In infants and children, carbohydrate intake is critical for growth and development. Glucose is the main oxidative fuel of brain cells and carbohydrate intake is linked to cognition.11 Carbohydrate intake influences metabolism and can minimize the protein cost of gluconeogenesis and irreversible protein and nitrogen loss, and carbohydrate intake prevents ketosis and its consequences, affecting growth. Population-based studies in children link carbohydrate intake and its subtypes, such as monosaccharides and disaccharides, with changes in serum lipids.12 Furthermore, some evidence exists associating sugar-rich (particularly fructose rich) diet with increased risk for nonalcoholic fatty liver disease (NAFLD) in children who have obesity.13, 14 Unfortunately, most studies about carbohydrates intake and energy metabolism have been conducted in adults and newborns, the latter being in a transitional phase of metabolic adaptation. Thus, studies performed in children between one year and puberty are likely sparse.15

Purpose of the Review

This systematic review and meta-analysis will evaluate the Key Question (KQ) listed below.

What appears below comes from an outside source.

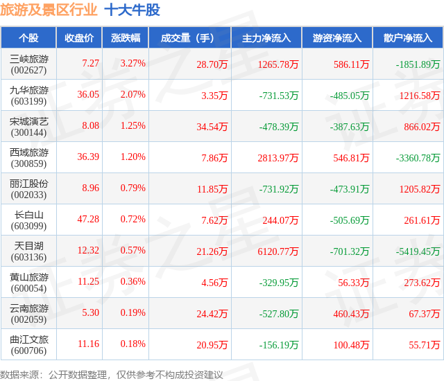 个股表现方面,旅游及景区行业当日领涨股为三峡旅游(002627),该股当日报收7.27,上涨3.27%,成交量28.7万,主力资金净流入1265.78万元。九华旅游(603199)以上涨2.07%紧随其后,该股当日成交量3.35万,主力资金净流出731.53万元。除此之外,宋城演艺(300144)、西域旅游(300859)、丽江股份(002033)均进入当日牛股之列。具体个股列表见下表:

This review intends to summarize and appraise all relevant evidence to inform the upcoming U.S. and Canadian government DRI guideline about carbohydrate intake.

KQ 1: What is the association between dietary digestible carbohydrate intake and the incidence of type 2 diabetes (T2D) and effect on growth, size, and body composition (i.e., obesity, overweight, body weight and composition)?

Please see Table 1 for inclusion and exclusion criteria by Population, Intervention, Comparator, Outcome, Timing, Setting/Study Design (PICOTS)

A. Criteria for Inclusion/Exclusion of Studies in the Review

We will apply the following inclusion and exclusion criteria for the studies identified in the literature search (Table 1).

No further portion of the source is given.